Explore the Architecture
ClickHouse is architected with a layered design for high performance and flexibility.

Core Layers
Query Processing Layer: This layer handles parsing, logical/physical plan building, and execution using a vectorized engine, similar to MonetDB/X100. It supports SQL, PRQL, and Kusto-like KQL. Runtime optimizations such as opportunistic compilation make it extremely efficient across diverse query types and data patterns.
Storage Layer: The storage backend is pluggable with multiple table engines:
- MergeTree engines (e.g. ReplacingMergeTree, AggregatingMergeTree) form the core persistent format. Based on LSM-tree principles, they maintain sorted parts and continuously merge them in the background.
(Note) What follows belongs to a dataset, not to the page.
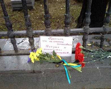 В Москве под посольством Украины в РФ 24 января полиция задержала и избила несколько человек, которые пришли выразить соболезнования в связи с событиями на Донбассе и возложить цветы.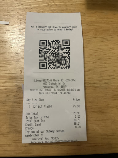 We went to Subway this evening and who was working didn't know what they where doing. We ordered 2 sunrise melts and neither one had egg on them. It is suppose to have egg, one piece of ham, one piece of turkey and 2 pieces of bacon. We got 2 pieces of bacon an 2 pieces meat for a 6 inch sub. The egg is the main meat on the thing and we didn't get it. Imagine eating a thick sub with no meat. One of them had no cheese either. The other one was missing jalapeños and banana pepper but had cheese. Both was suppose to have extra cipotle and barely had any. I love Subway and have been going there for a long time and always get the same sub. Never have I ever eat one so nasty. We paid high prices for a meatless sub. Today is March 28th and subs where bought about 5:00pm. You need to figure out who is working and retrain them because...

- Special-purpose engines like Dictionaries support fast in-memory key-value lookups (even from external sources), and Distributed engines allow transparent sharding across nodes.
- Virtual engines integrate with external systems like MySQL, Kafka, S3, Iceberg, and Redis for both read and write, enabling data federation and hybrid architectures.
Integration Layer: Facilitates connections to external systems via protocols (MySQL, PostgreSQL, HTTP), or direct engine bindings. It also includes observability, role-based access control, and backup hooks.
Access Layer: Manages sessions, authentication, and protocol-level communication with clients.
Performance Engineering
ClickHouse emphasizes low-level optimizations:
- It chooses from 30+ hash table implementations dynamically at runtime.
- Uses data-aware algorithms for sorting, filtering, and join operations.
- Employs column-level compression codecs (like ZSTD, Gorilla, Delta, AES) for high-speed storage and efficient I/O.
Sharding and Replication
- Sharding enables massive scalability by partitioning data horizontally across nodes.
- Replication is handled via ReplicatedMergeTree engines using a Raft-based coordination mechanism called Keeper (a C++ Zookeeper replacement).
- The Distributed engine provides a global view across shards.
Deployment Modes
- On-prem: Classic ClickHouse cluster or single-node server.
- Cloud: Fully-managed ClickHouse Cloud (autoscaling DBaaS).
- Standalone: CLI tool for local analytics, replacing tools like awk, grep.
- Embedded (chDB): In-process OLAP database, ideal for Jupyter/Pandas workflows. No IPC or serialization overhead.
For detailed information, see ClickHouse Architecture.
ACID-compliant
ACID Property | ClickHouse Support | Notes |
---|---|---|
Atomicity | ❌ Not guaranteed | Inserts are not forced to disk (fsync is skipped by default), so power loss can lead to data loss. |
Consistency | ⚠️ Partially | No constraints or transactional checks across tables; assumes clean input. |
Isolation | ✅ Snapshot Isolation | Queries see a consistent snapshot via MVCC-like versioned parts. |
Durability | ❌ Optional | No fsync by default, meaning durability isn’t guaranteed unless explicitly configured. |